Thanks morning, everyone. Thanks for taking my questions. Chris, maybe any thoughts you could share right now on 2025 and just capital allocation across the two plays relative to this year's capital allocation and also capital allocation within the Permian, specifically Delaware versus Midland.

speaker
Chris

Sure. You know, this is coming into this year. The calculus was was pretty difficult because we didn't know how the team would execute. I think as we look ahead, and certainly it's too early to guide where we're going to be in 2025, but as you look ahead, the challenge that this team's going to have is this is real-time improvements, enhancements throughout the Permian and in the DJ. The game is changing in both basins, and so there are a lot of moving pieces that will drive relative capital allocation between the DJ and the Permian. Keep in mind, we'll also have, again, the tailwinds on the regulatory side with compromise that gives us you know, into 2028, good clarity in developing the asset, and that's going to impact how we think about capital allocation. There's a lot moving. And then in the Permian specifically, as you think about Delaware versus Midland, certainly we're more levered to Midland, both in terms of scale and production and inventory, some of our best returns on the Delaware side. Now, we have, I think we mentioned in the past, a previous operator was looking to develop some one-milers and good returns, don't get me wrong, good returns, but the team is taking the time to say, look, how do we extend these into two-mile developments and drive some additional efficiencies? And so we're working that through the system, really excited to start allocating to the Delaware. Just given the scale and everything, we're going to be more weighted to the Midland. We're super excited about that as well. While it's early for 2025, I'll just take us back to how are we going to run this business?

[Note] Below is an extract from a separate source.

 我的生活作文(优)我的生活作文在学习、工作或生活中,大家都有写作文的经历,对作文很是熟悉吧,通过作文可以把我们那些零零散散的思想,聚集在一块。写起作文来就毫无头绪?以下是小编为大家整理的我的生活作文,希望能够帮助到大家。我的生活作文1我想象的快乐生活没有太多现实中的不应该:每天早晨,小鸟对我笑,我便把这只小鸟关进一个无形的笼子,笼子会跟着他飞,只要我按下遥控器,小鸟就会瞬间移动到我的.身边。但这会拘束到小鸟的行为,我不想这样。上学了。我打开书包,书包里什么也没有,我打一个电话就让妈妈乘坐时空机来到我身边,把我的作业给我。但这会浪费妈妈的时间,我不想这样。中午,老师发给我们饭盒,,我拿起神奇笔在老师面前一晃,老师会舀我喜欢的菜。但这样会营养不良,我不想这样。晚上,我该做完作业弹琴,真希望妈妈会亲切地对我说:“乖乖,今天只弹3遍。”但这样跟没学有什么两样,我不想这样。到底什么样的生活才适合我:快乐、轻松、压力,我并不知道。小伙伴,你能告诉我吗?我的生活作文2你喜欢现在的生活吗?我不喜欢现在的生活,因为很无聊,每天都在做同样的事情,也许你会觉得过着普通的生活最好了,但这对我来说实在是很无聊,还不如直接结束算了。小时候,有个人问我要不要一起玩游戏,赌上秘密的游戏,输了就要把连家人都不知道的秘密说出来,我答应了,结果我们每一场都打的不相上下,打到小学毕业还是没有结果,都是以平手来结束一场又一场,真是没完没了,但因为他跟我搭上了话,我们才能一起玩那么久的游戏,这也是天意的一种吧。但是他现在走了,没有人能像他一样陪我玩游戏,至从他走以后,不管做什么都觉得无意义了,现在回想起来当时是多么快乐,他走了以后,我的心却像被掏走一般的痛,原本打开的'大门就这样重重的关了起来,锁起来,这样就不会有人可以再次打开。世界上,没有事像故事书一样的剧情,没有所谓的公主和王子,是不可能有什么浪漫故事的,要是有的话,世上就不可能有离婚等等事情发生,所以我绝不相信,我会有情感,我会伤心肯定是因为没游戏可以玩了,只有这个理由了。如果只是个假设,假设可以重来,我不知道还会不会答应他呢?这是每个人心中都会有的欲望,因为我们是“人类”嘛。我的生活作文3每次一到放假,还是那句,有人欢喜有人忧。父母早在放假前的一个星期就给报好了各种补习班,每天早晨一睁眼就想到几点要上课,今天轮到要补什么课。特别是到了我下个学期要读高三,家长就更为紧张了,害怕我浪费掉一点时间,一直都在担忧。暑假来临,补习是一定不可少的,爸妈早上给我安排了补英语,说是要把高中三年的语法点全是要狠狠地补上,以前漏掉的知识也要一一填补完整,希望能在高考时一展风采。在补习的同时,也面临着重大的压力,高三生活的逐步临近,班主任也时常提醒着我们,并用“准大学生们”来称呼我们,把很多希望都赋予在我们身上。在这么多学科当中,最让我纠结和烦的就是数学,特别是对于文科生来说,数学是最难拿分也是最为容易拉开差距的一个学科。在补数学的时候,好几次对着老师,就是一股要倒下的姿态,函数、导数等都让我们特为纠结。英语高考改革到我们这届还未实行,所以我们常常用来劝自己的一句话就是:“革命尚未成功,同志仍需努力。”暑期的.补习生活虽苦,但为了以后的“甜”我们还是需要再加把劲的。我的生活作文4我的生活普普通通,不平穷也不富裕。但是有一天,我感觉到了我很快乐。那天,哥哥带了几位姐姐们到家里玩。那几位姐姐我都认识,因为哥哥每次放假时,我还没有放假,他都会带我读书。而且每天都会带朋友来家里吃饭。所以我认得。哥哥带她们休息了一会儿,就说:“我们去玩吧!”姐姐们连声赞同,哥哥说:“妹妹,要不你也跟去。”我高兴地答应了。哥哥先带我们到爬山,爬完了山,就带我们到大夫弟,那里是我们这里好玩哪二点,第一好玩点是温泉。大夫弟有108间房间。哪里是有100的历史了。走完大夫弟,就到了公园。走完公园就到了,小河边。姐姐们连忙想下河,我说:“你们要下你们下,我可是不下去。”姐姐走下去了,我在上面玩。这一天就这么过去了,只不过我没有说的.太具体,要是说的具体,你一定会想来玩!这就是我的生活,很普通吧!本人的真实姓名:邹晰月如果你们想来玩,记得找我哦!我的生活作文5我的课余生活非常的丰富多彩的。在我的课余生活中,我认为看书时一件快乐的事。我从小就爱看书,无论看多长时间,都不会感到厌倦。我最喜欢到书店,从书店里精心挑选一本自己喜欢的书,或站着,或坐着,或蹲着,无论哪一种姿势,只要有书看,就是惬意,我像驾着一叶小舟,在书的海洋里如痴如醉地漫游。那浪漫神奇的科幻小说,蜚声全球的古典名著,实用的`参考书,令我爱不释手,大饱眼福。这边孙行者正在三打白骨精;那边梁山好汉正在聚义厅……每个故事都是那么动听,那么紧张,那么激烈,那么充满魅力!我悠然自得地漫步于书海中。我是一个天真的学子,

We're going to run this business to maximize free cash flow, keep production broadly flat, and generate as much free cash, get it back to shareholders, get it back to our balance sheet as we can. I think that business model is really interesting because it does a really important thing. It creates capital scarcity, and when you have capital scarcity with two super competitive teams, you start finding ways to improve that capital allocation mix. And so that's what we're seeing from the DJ. It's what we're seeing from the Permian. These men and women are finding more and more ways to improve returns. And so it's going to be a lot of fun as we set up for 2025, but there is a lot of noise in the system.

speaker
Kevin

Understood. Understood. Thanks, Chris. Obviously, a bit too early still for 2025, but that's helpful. And then just as a follow-up, just going back to well design and spacing in the Permian relative to the prior operator or operators, can you maybe just remind us, broad strokes, what are spacing or well protection assumptions in Midland right now? And is that a little bit of a wider spacing relative to the prior operator? Is that embedded in your inventory number?